_WORK INSTRUCTION_.
Give exactly the lines from the one with "A collection of" through the final line of the listing below, both included, leaving out any pictures.

_INPUT FOR THIS TASK_.

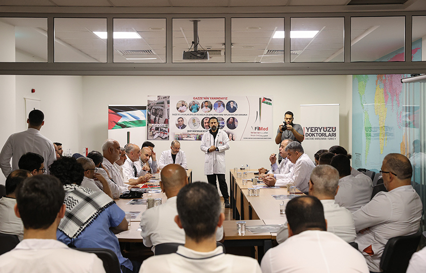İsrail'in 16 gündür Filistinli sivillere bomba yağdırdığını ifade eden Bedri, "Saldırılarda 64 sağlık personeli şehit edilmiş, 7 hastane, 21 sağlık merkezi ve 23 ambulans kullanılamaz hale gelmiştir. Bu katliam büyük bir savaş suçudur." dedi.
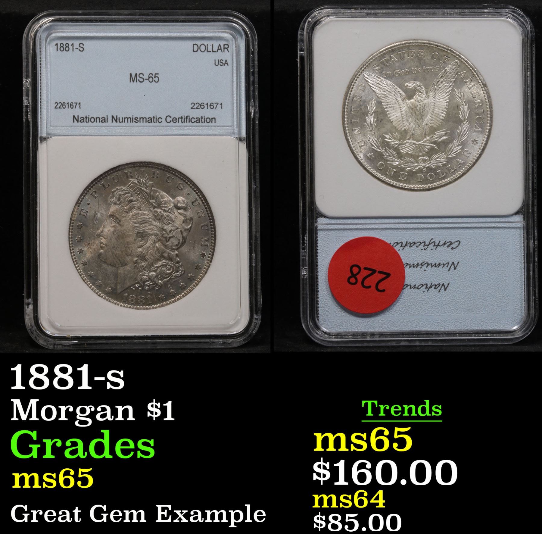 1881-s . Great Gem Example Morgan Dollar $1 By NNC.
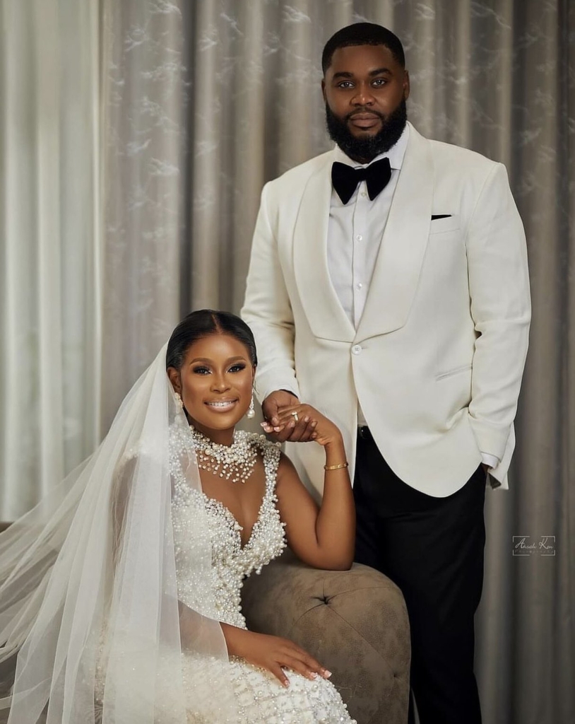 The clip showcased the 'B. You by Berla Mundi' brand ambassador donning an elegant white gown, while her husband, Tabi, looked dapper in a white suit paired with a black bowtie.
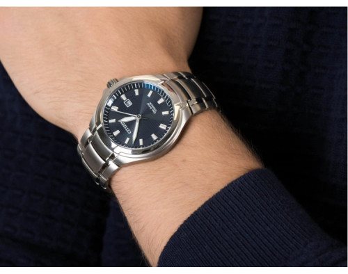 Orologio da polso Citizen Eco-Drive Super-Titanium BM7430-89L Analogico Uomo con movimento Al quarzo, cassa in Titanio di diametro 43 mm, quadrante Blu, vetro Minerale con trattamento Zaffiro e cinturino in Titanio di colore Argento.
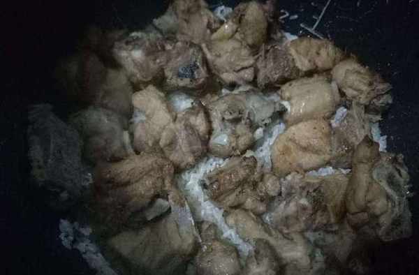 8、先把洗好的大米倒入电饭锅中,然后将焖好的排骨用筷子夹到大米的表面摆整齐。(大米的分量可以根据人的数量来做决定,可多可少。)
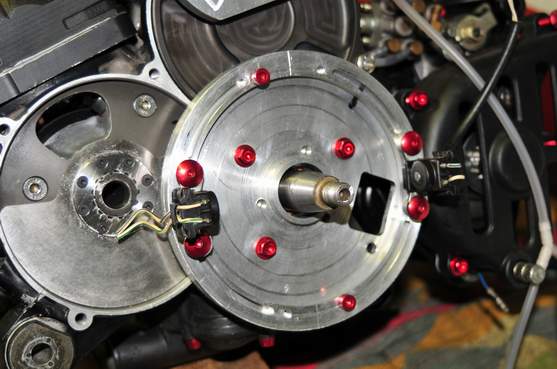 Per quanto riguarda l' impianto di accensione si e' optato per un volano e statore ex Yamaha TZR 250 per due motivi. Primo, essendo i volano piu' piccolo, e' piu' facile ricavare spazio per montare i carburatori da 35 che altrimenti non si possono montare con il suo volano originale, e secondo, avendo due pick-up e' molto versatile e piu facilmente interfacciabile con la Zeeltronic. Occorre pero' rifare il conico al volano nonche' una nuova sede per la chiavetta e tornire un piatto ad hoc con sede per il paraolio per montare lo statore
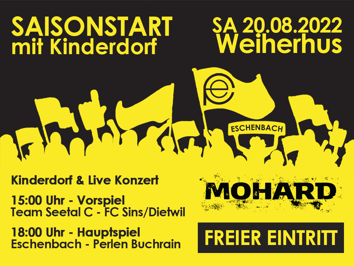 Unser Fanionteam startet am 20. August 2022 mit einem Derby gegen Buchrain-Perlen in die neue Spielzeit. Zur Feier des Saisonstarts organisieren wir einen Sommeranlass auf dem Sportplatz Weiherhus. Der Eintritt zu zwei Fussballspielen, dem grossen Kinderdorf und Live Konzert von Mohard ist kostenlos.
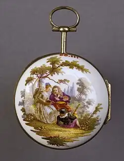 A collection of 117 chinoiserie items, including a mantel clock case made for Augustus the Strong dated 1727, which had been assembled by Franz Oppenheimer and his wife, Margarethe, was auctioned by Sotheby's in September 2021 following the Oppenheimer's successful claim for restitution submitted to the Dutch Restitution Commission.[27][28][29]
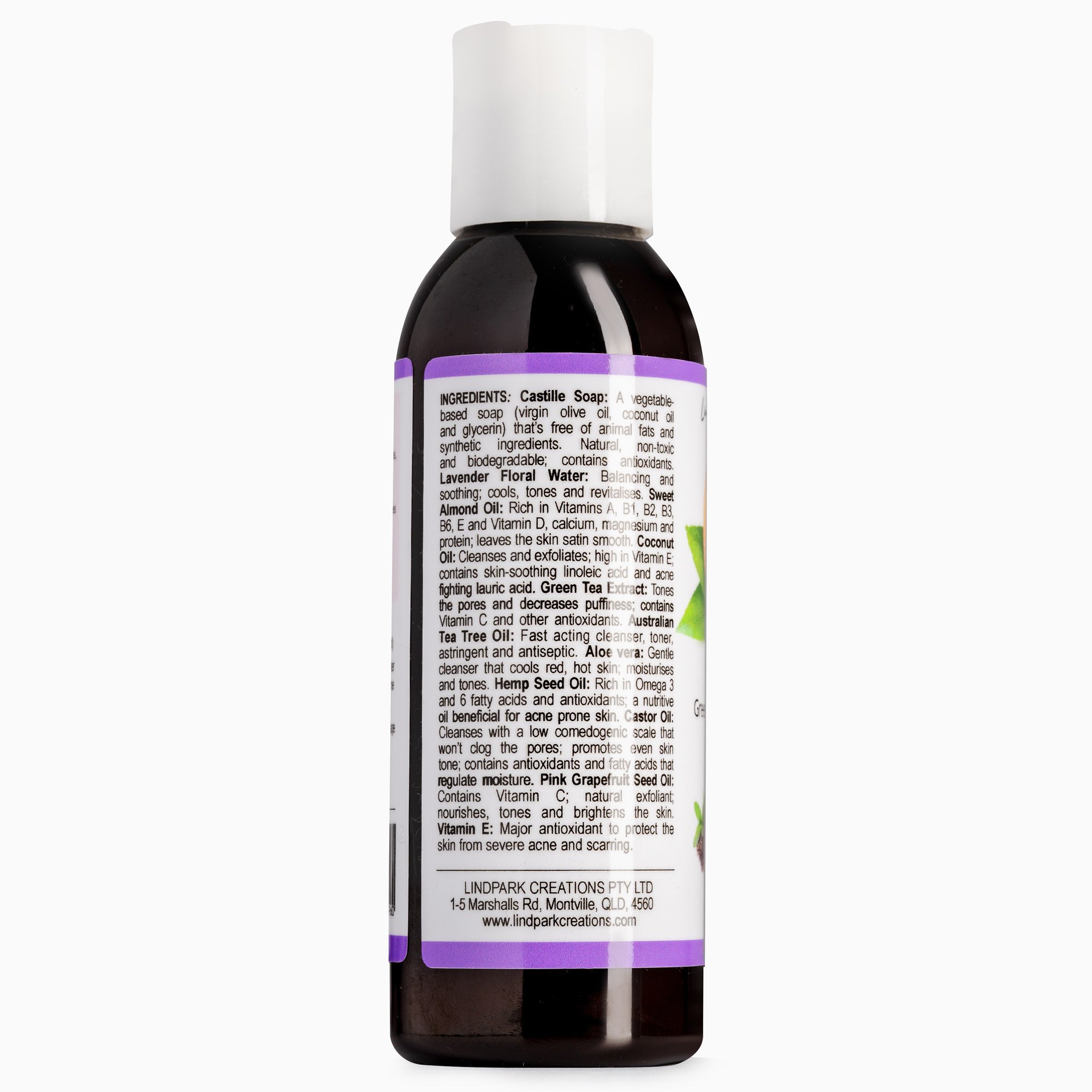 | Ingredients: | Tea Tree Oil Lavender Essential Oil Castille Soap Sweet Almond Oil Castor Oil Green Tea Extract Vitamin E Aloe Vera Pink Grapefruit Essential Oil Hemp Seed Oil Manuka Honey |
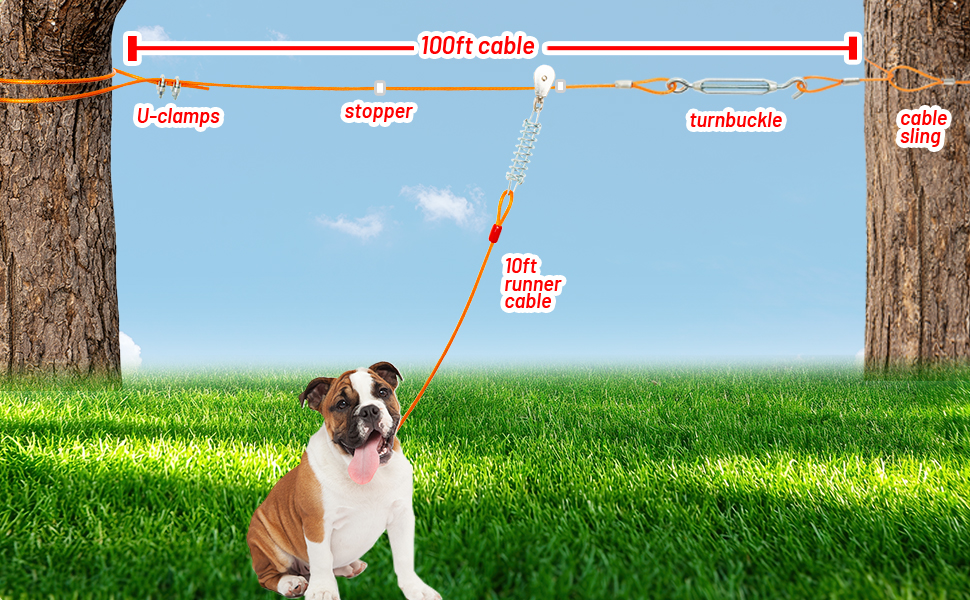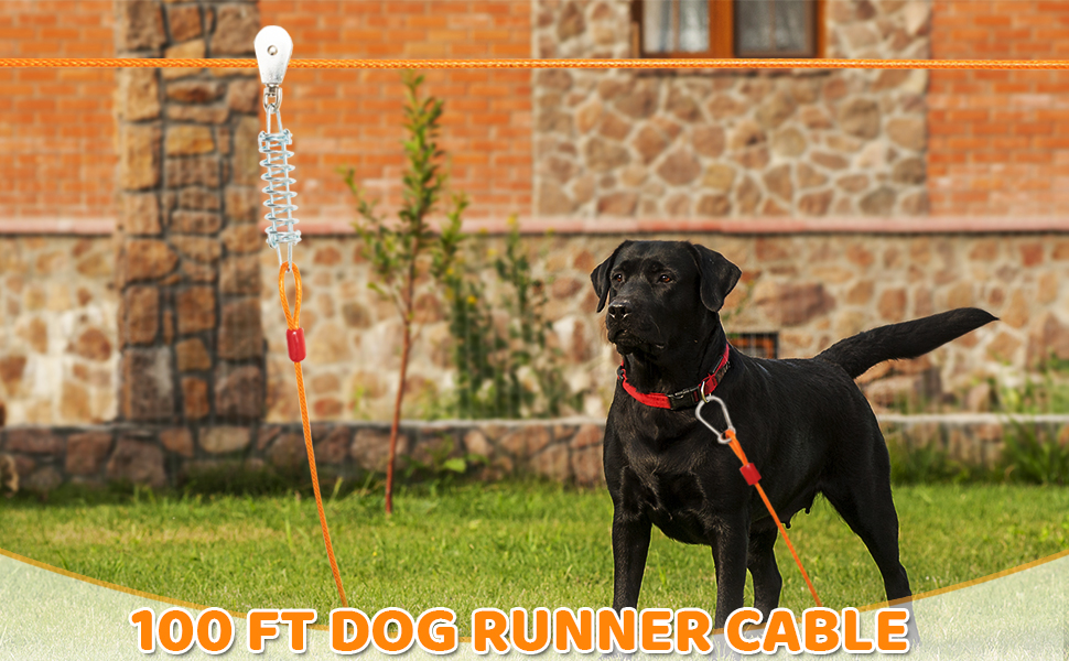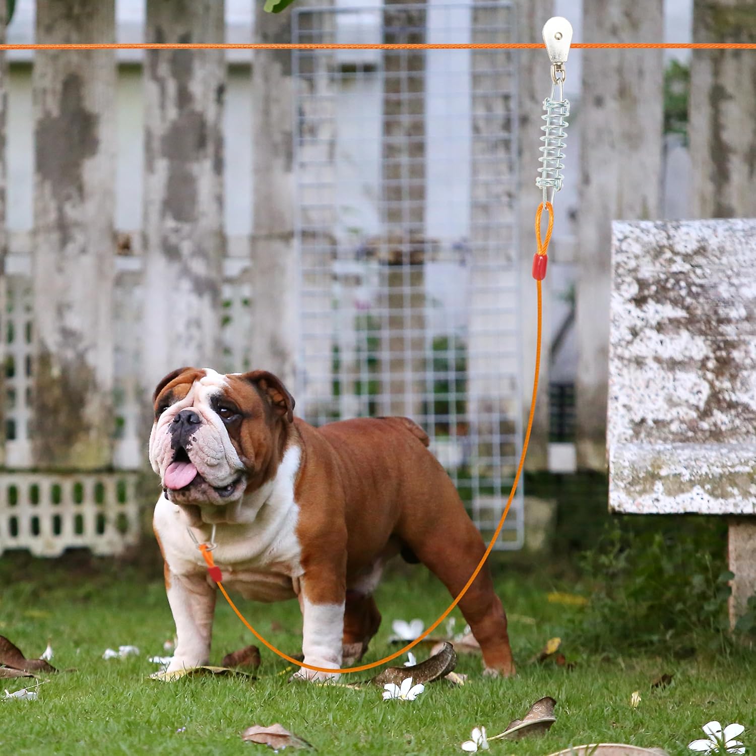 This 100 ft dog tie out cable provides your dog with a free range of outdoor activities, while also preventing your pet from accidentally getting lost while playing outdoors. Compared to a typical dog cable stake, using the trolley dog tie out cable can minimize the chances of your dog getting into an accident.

_EXERCISE SOLUTION_.
 A collection of 117 chinoiserie items, including a mantel clock case made for Augustus the Strong dated 1727, which had been assembled by Franz Oppenheimer and his wife, Margarethe, was auctioned by Sotheby's in September 2021 following the Oppenheimer's successful claim for restitution submitted to the Dutch Restitution Commission.[27][28][29]
 | Ingredients: | Tea Tree Oil Lavender Essential Oil Castille Soap Sweet Almond Oil Castor Oil Green Tea Extract Vitamin E Aloe Vera Pink Grapefruit Essential Oil Hemp Seed Oil Manuka Honey |
 This 100 ft dog tie out cable provides your dog with a free range of outdoor activities, while also preventing your pet from accidentally getting lost while playing outdoors. Compared to a typical dog cable stake, using the trolley dog tie out cable can minimize the chances of your dog getting into an accident.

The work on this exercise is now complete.